Exercise prompt: Every line below from the one with "Pink and Yellow" through the one with "Hänge am Kraiberg" is to be repeated exactly, with no picture among them.
++++ Recorded information
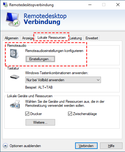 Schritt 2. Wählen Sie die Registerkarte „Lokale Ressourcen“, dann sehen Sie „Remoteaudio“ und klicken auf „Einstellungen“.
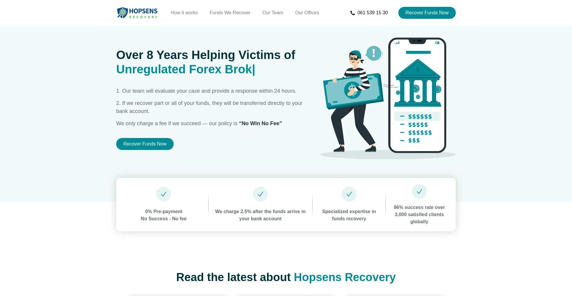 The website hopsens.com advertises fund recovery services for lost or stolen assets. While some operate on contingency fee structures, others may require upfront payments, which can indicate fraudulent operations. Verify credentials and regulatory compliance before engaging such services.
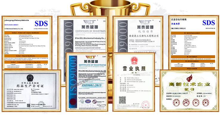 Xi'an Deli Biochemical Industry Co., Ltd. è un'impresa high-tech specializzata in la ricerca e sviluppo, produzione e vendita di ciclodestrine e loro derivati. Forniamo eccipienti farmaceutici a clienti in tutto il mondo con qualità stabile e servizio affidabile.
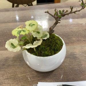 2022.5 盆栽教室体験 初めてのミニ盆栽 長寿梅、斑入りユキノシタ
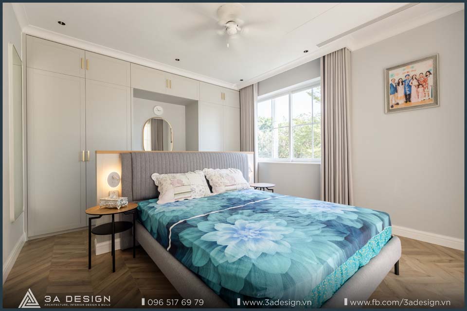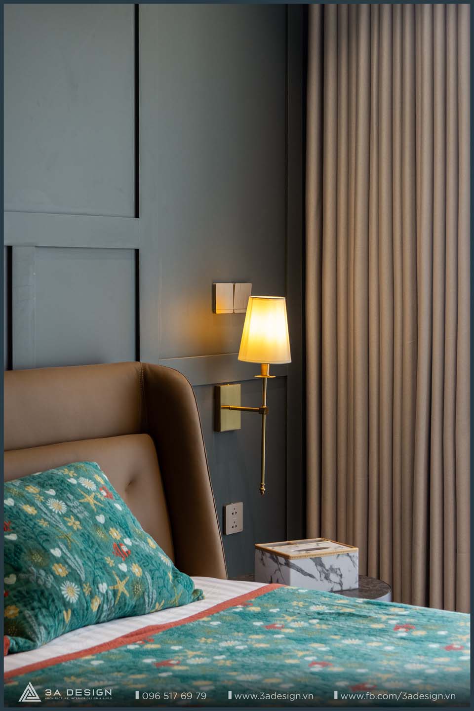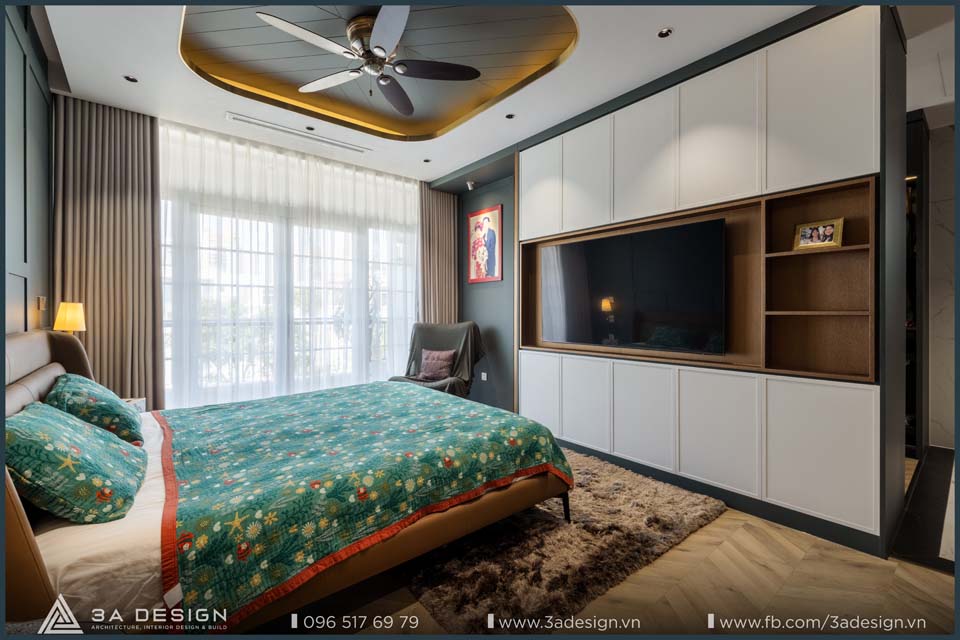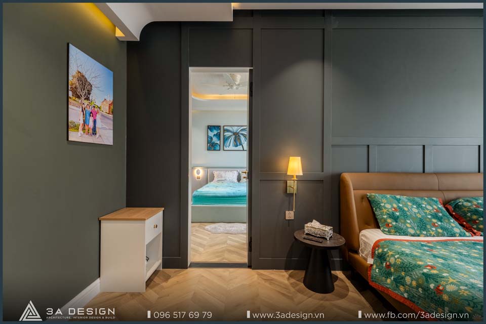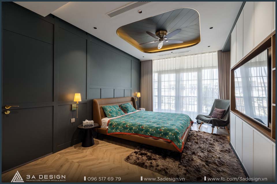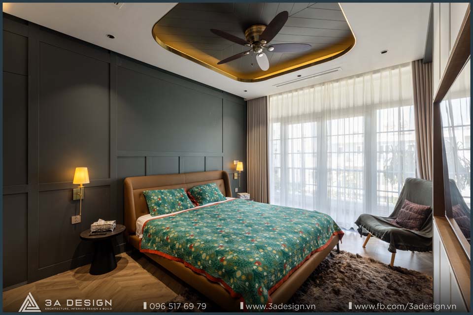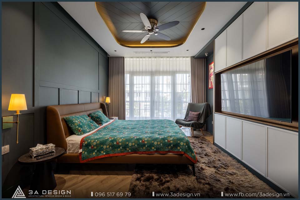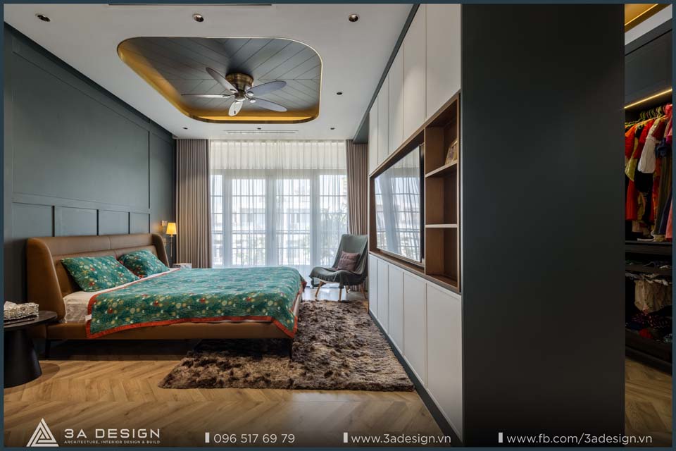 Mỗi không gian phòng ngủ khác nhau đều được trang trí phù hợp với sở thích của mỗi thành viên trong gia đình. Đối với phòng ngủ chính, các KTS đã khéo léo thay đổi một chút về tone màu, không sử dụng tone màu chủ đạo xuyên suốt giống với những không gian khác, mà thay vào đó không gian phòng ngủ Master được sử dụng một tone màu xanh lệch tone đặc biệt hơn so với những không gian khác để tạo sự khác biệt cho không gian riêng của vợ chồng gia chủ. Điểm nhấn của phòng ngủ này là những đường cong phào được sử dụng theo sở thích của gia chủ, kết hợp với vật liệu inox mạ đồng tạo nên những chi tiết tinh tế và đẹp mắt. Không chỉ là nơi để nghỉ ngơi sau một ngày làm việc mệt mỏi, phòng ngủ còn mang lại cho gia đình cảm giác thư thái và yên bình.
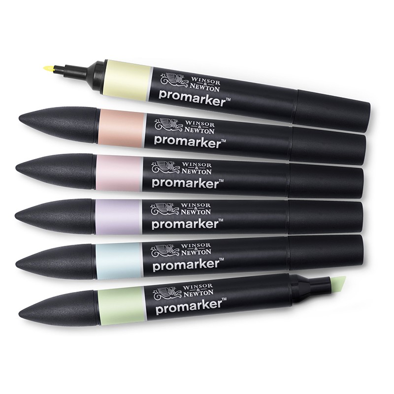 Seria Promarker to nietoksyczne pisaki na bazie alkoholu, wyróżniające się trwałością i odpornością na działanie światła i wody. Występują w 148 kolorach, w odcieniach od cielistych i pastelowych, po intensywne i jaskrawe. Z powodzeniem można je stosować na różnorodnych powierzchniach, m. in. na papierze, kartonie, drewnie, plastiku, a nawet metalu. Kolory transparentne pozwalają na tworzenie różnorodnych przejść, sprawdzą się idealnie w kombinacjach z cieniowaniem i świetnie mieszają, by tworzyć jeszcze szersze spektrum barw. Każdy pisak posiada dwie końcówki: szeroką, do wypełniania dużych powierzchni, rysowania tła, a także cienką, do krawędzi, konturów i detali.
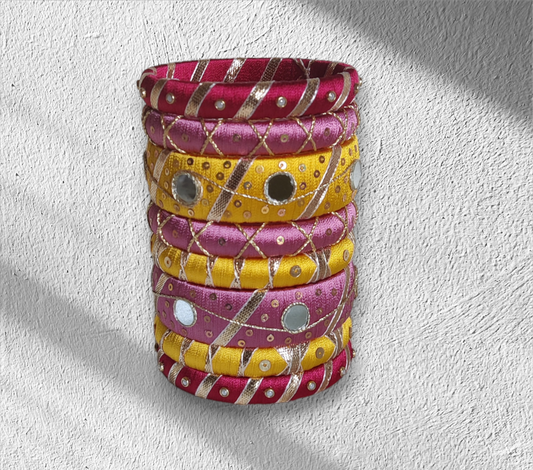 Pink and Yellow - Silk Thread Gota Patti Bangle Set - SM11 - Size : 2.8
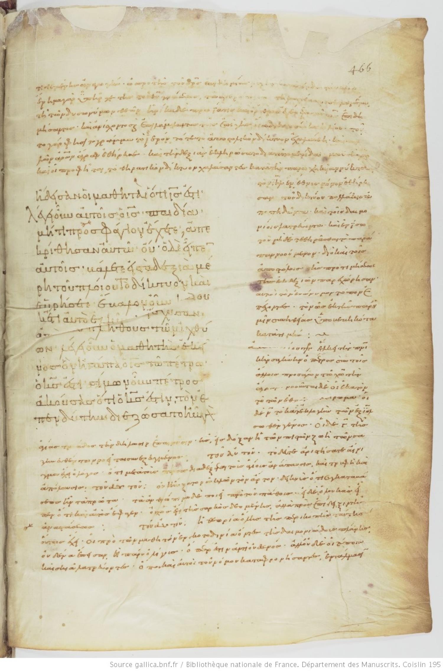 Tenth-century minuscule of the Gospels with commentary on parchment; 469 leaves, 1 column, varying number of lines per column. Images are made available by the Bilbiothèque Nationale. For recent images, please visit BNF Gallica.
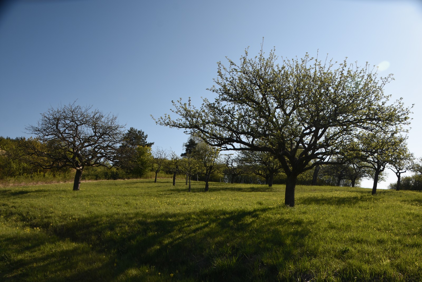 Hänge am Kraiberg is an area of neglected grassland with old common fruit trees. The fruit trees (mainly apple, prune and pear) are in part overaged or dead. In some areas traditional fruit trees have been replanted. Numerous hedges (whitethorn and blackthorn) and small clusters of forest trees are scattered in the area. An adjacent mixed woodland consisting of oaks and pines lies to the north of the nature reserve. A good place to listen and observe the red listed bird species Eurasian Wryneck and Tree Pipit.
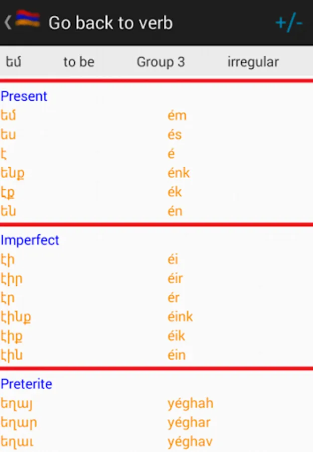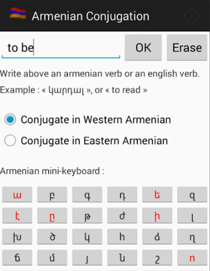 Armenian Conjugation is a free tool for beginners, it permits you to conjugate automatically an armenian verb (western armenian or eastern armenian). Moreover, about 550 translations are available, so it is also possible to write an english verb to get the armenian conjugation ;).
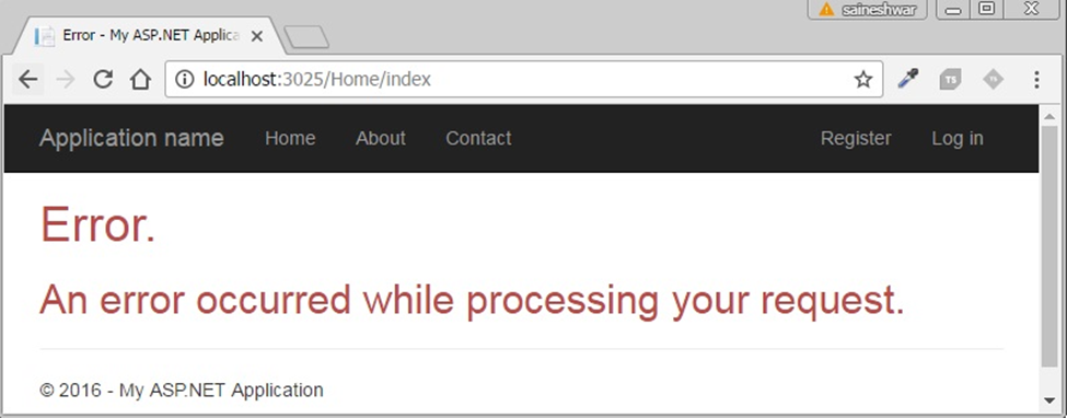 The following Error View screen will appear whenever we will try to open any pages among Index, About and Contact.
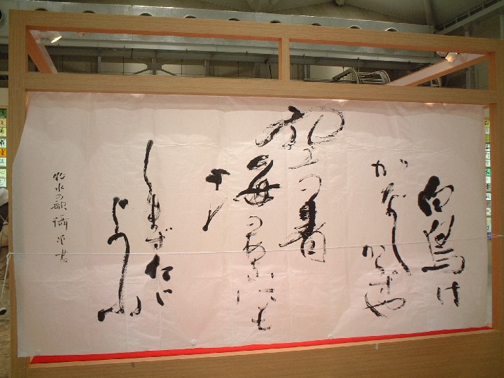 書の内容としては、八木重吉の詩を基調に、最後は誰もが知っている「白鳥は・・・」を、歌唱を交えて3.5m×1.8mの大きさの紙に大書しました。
++++++++
Answer to this task:
 Pink and Yellow - Silk Thread Gota Patti Bangle Set - SM11 - Size : 2.8
 Tenth-century minuscule of the Gospels with commentary on parchment; 469 leaves, 1 column, varying number of lines per column. Images are made available by the Bilbiothèque Nationale. For recent images, please visit BNF Gallica.
 Hänge am Kraiberg is an area of neglected grassland with old common fruit trees. The fruit trees (mainly apple, prune and pear) are in part overaged or dead. In some areas traditional fruit trees have been replanted. Numerous hedges (whitethorn and blackthorn) and small clusters of forest trees are scattered in the area. An adjacent mixed woodland consisting of oaks and pines lies to the north of the nature reserve. A good place to listen and observe the red listed bird species Eurasian Wryneck and Tree Pipit.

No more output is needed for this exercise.